Protein Sequence Database Search
- Peptide Mass Fingerprint or Peptide Mapping
In this method, the observed masses of peptides obtained from a digest of an unknown protein are compared to the predicted masses of peptides from the theoretical digestion of proteins in a database. If enough peptides from the experimental (usually MALDI MS data) and theoretical mass spectrum overlap, a protein can be identified. This method should be used when a sample to be analyzed contains a purified protein, and when a protein to be identified is from a species that is well represented in a sequence database.
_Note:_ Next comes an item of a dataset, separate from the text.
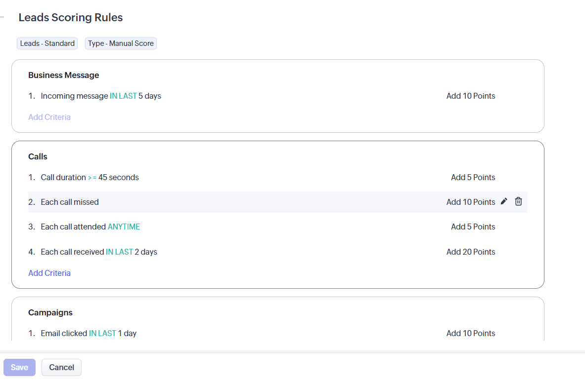 Zoho CRM bewertet jeden Lead CRM anhand der von Ihnen festgelegten Kriterien: E-Mail geöffnet – plus Punkte, Website besucht – plus , Anruf beantwortet – plus . Manager sehen, wer gerade „heiß“ ist, und konzentrieren ihre Energie darauf – anstatt Zeit mit „kalten“ Kontakten zu verschwenden.

Although peptide mass fingerprint data continue to be accepted in the literature, the requirements have become more stringent. To confirm the sequences of peptides identified from peptide mass fingerprint data, or apply MS/MS ion search methods for independent protein identification, the APL also offers MS/MS fragmentation analysis on the most intense peaks detected in MALDI MS spectra.
- MS/MS Ion Search
This method is much more powerful than the peptide mass fingerprint, because it uses peptide amino acid sequence information from MS/MS spectra as well as peptide mass. Experimental masses of peptide fragment ions are compared to the predicted masses of peptide fragments from the theoretical fragmentation of peptides in a database. If enough fragment ions from the experimental and theoretical mass spectrum overlap, a peptide can be identified. Obtaining matches to a number of peptides from a single protein provides a high level of confidence that the result is correct. This method is recommended for projects involving identification of proteins in complex mixtures or/and protein posttranslational modifications.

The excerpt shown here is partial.